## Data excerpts

···

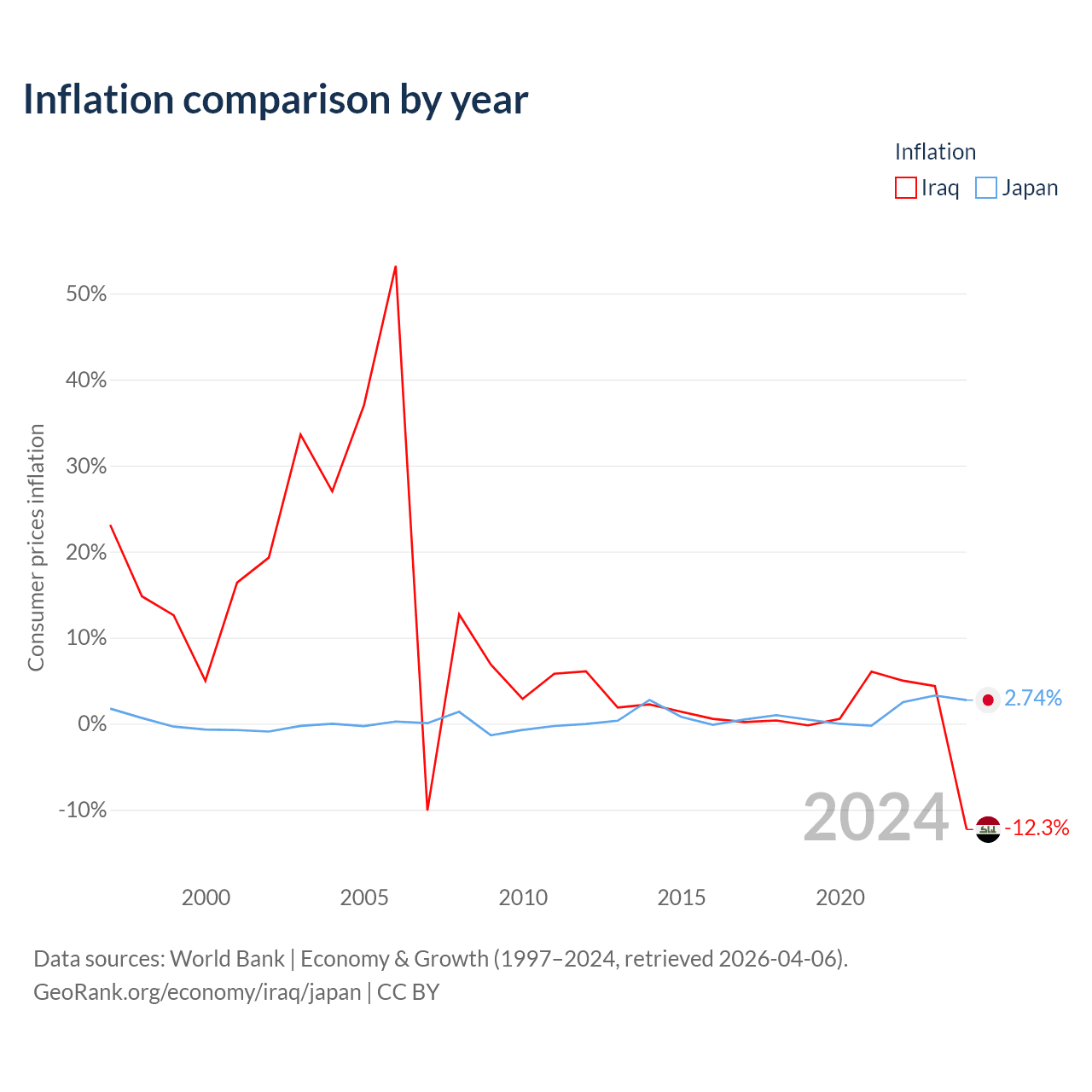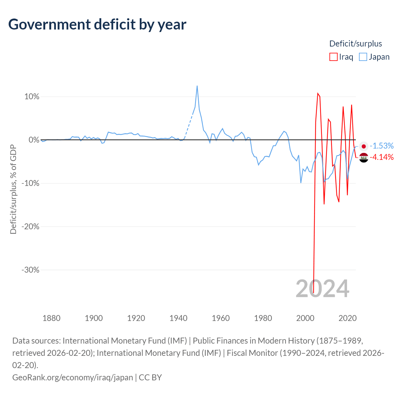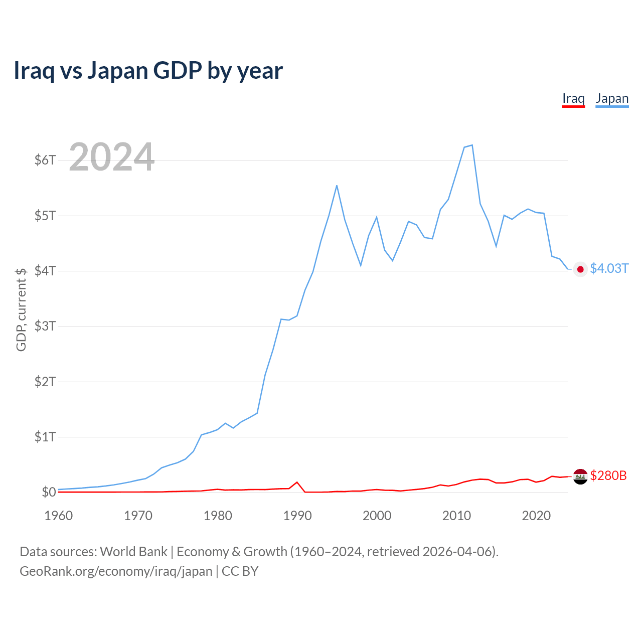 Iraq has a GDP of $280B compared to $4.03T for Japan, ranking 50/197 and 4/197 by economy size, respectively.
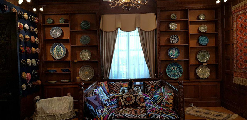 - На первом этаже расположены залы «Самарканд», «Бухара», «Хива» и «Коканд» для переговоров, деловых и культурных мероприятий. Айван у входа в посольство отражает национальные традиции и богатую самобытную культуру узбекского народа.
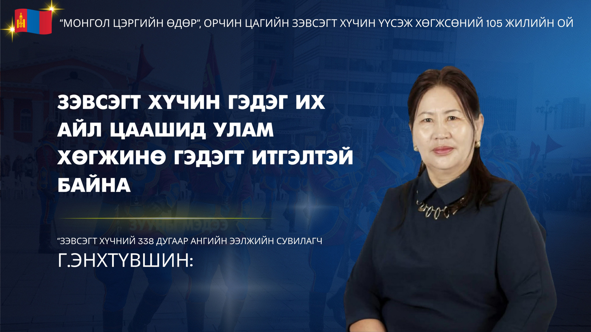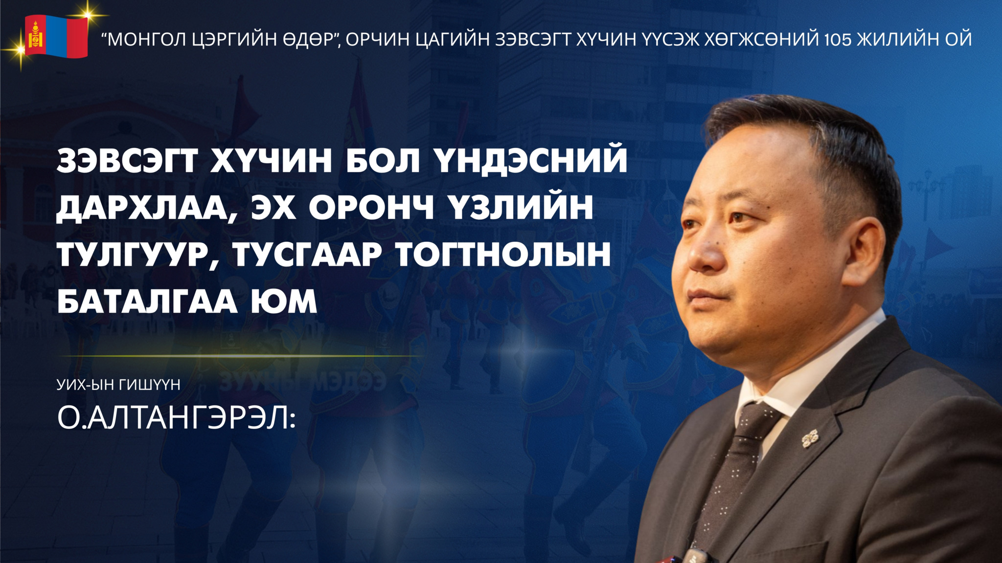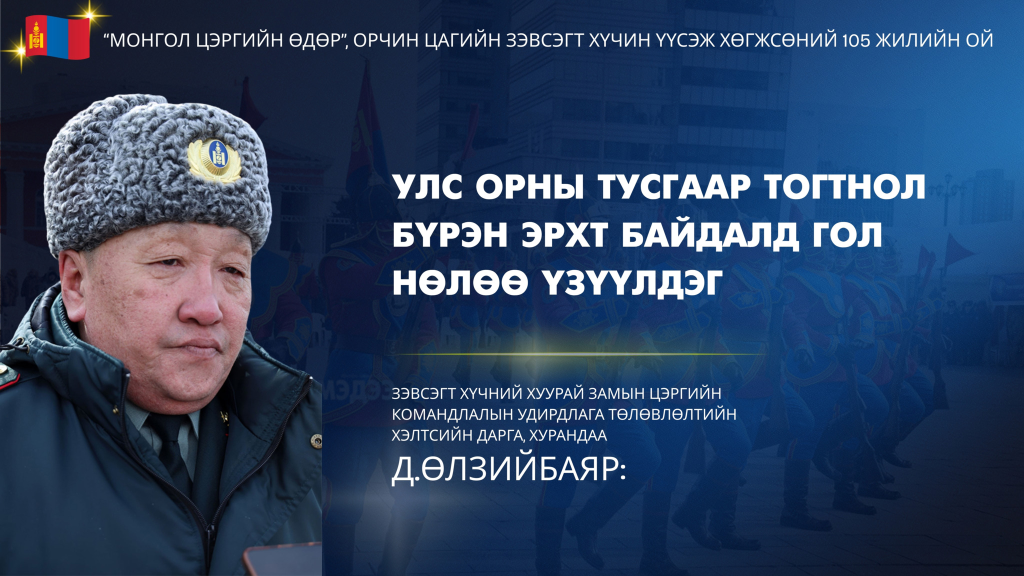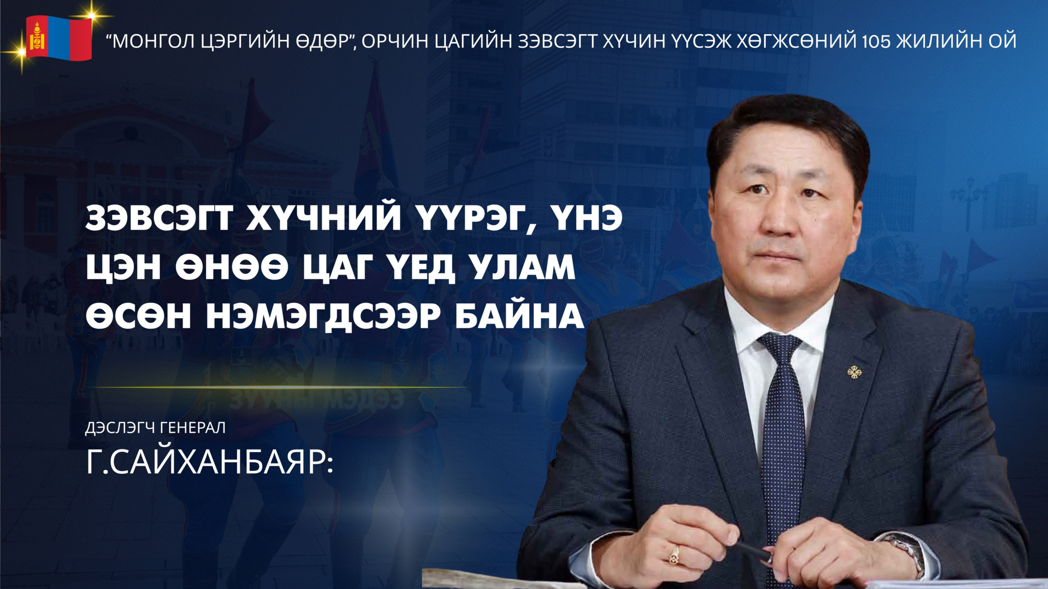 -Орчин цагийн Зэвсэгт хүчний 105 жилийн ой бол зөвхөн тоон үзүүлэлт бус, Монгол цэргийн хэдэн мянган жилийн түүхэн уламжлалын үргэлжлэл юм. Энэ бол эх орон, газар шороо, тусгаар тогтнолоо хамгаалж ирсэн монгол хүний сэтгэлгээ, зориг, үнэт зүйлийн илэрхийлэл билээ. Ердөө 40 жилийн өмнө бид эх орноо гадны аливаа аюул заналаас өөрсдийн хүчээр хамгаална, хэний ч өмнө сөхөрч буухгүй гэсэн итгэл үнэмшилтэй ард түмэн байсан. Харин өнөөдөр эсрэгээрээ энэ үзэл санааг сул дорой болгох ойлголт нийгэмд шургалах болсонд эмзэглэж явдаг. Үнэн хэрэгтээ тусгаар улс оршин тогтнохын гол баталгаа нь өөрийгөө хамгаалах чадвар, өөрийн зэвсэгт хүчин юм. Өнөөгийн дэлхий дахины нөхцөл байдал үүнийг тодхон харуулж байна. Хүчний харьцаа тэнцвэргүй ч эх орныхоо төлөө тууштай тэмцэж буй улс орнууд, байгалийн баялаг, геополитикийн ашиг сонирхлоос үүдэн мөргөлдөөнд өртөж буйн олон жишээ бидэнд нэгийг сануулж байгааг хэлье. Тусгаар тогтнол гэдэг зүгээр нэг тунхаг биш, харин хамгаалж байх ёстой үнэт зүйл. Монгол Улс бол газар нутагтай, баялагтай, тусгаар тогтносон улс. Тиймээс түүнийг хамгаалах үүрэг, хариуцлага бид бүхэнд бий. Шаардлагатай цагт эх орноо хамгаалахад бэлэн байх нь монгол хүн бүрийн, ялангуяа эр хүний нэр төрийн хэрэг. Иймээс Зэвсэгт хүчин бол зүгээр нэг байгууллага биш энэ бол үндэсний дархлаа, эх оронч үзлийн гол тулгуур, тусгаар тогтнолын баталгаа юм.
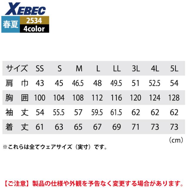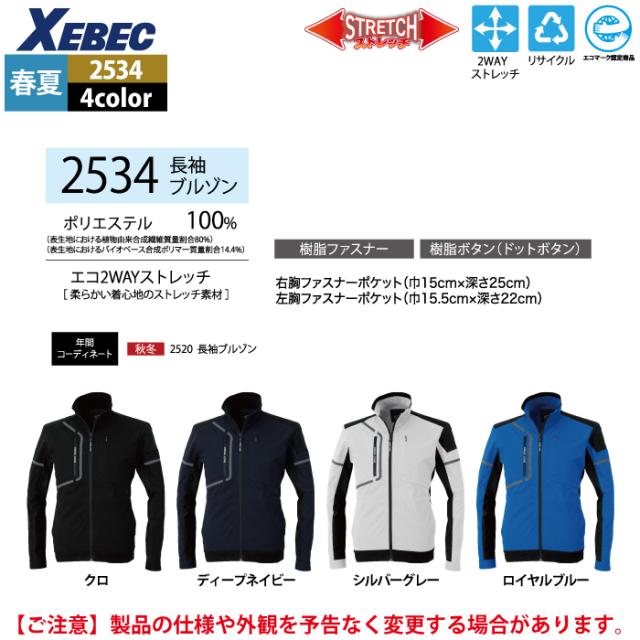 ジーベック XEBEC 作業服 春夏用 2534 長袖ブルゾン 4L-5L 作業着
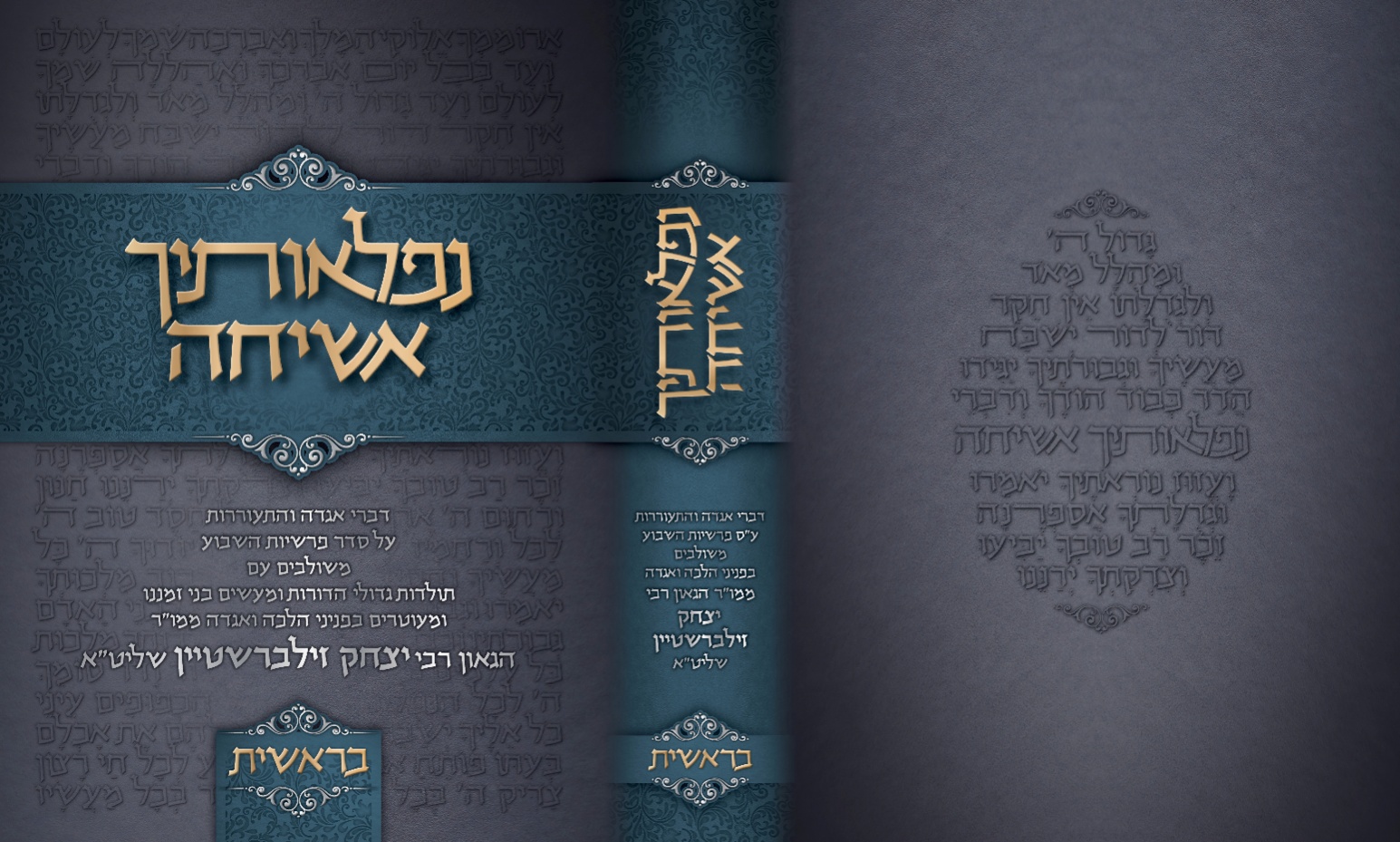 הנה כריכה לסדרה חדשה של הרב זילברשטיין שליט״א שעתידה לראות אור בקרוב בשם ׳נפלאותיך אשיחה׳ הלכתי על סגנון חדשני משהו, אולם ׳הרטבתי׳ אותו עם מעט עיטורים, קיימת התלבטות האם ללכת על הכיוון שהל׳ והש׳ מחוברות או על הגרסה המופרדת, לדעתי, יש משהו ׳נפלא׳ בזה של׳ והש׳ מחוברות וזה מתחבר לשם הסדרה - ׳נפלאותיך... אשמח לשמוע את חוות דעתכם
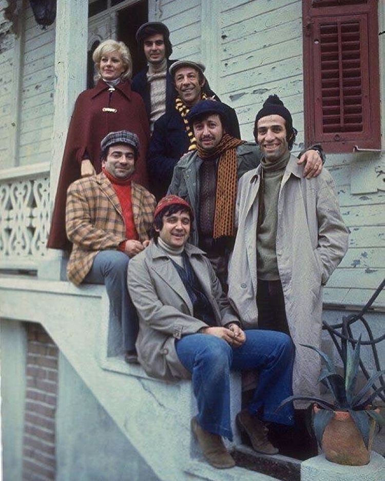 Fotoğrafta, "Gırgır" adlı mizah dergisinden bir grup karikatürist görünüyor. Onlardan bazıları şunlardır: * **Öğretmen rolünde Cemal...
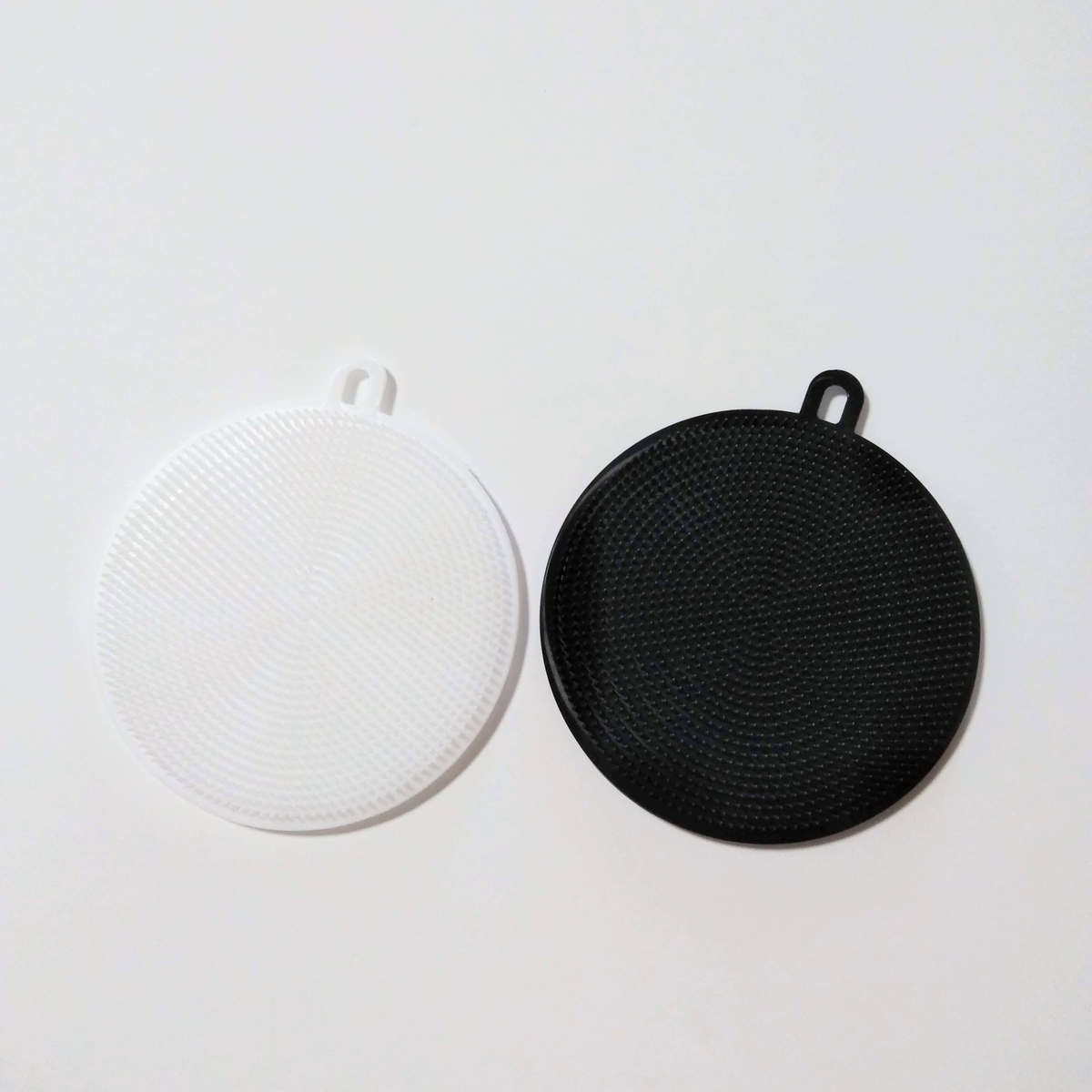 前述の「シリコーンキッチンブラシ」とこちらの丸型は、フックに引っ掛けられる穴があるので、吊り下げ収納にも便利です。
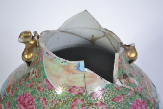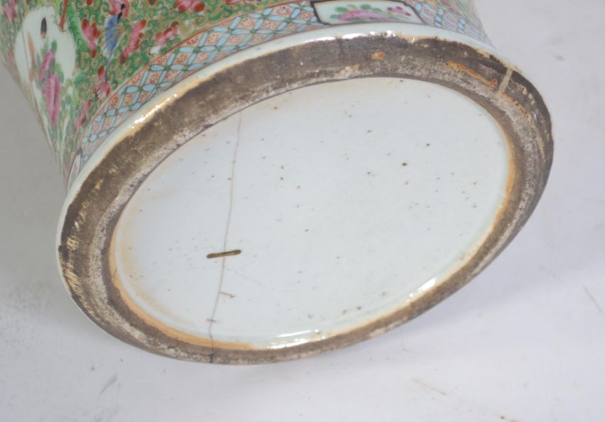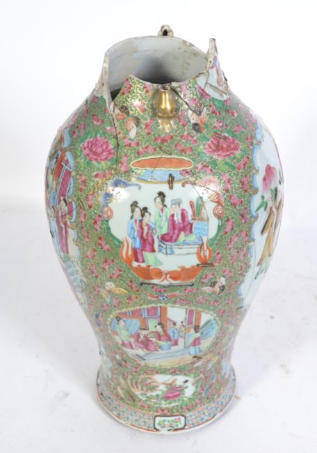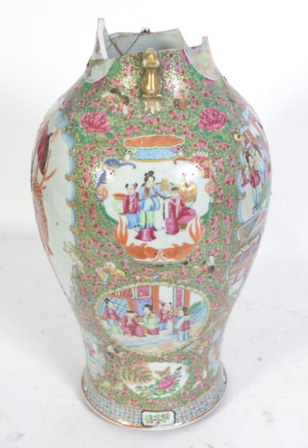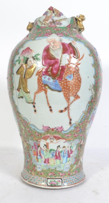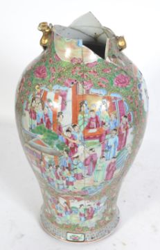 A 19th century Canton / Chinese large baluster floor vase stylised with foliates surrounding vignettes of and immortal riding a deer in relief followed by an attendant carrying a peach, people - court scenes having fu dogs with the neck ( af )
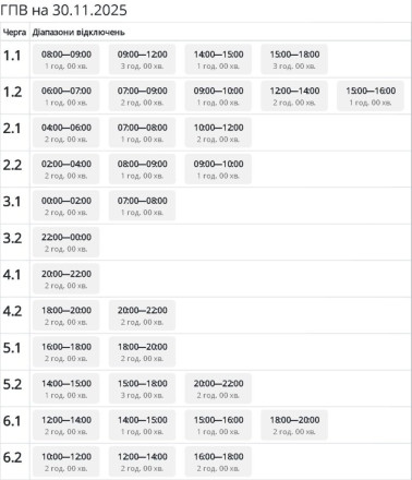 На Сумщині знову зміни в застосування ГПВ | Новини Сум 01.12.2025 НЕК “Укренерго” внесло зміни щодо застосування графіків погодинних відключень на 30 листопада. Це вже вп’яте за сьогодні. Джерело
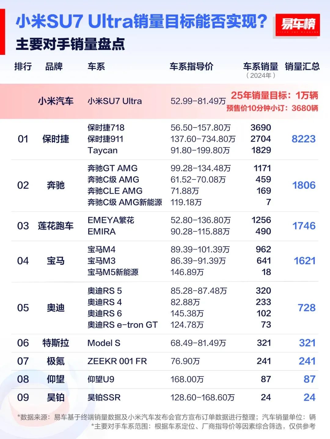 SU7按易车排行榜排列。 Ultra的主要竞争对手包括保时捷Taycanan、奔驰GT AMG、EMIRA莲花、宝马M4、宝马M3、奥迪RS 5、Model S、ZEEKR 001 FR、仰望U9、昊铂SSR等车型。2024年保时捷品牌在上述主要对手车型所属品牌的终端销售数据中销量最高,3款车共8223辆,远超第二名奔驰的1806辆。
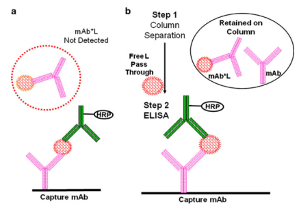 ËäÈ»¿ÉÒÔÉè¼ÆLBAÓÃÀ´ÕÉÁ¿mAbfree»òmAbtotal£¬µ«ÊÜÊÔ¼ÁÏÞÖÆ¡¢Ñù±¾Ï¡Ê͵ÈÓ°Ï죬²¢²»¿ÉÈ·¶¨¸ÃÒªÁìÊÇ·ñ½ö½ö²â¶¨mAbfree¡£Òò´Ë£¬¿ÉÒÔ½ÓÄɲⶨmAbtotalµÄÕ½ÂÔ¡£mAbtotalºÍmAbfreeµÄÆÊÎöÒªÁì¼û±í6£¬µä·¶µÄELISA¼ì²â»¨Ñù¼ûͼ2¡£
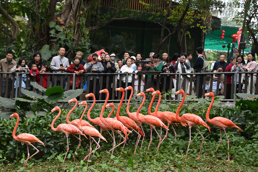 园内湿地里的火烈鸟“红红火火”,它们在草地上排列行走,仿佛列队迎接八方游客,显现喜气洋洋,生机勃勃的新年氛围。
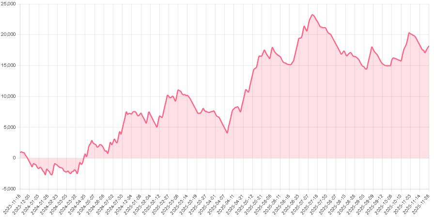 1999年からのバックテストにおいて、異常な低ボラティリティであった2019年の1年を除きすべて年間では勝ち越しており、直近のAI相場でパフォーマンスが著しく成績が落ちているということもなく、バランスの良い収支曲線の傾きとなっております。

···

Your answer must be an exact copy of the lines from the start of the entries through the line with "- На первом", with no pictures.

## Written answer
 Iraq has a GDP of $280B compared to $4.03T for Japan, ranking 50/197 and 4/197 by economy size, respectively.
 - На первом этаже расположены залы «Самарканд», «Бухара», «Хива» и «Коканд» для переговоров, деловых и культурных мероприятий. Айван у входа в посольство отражает национальные традиции и богатую самобытную культуру узбекского народа.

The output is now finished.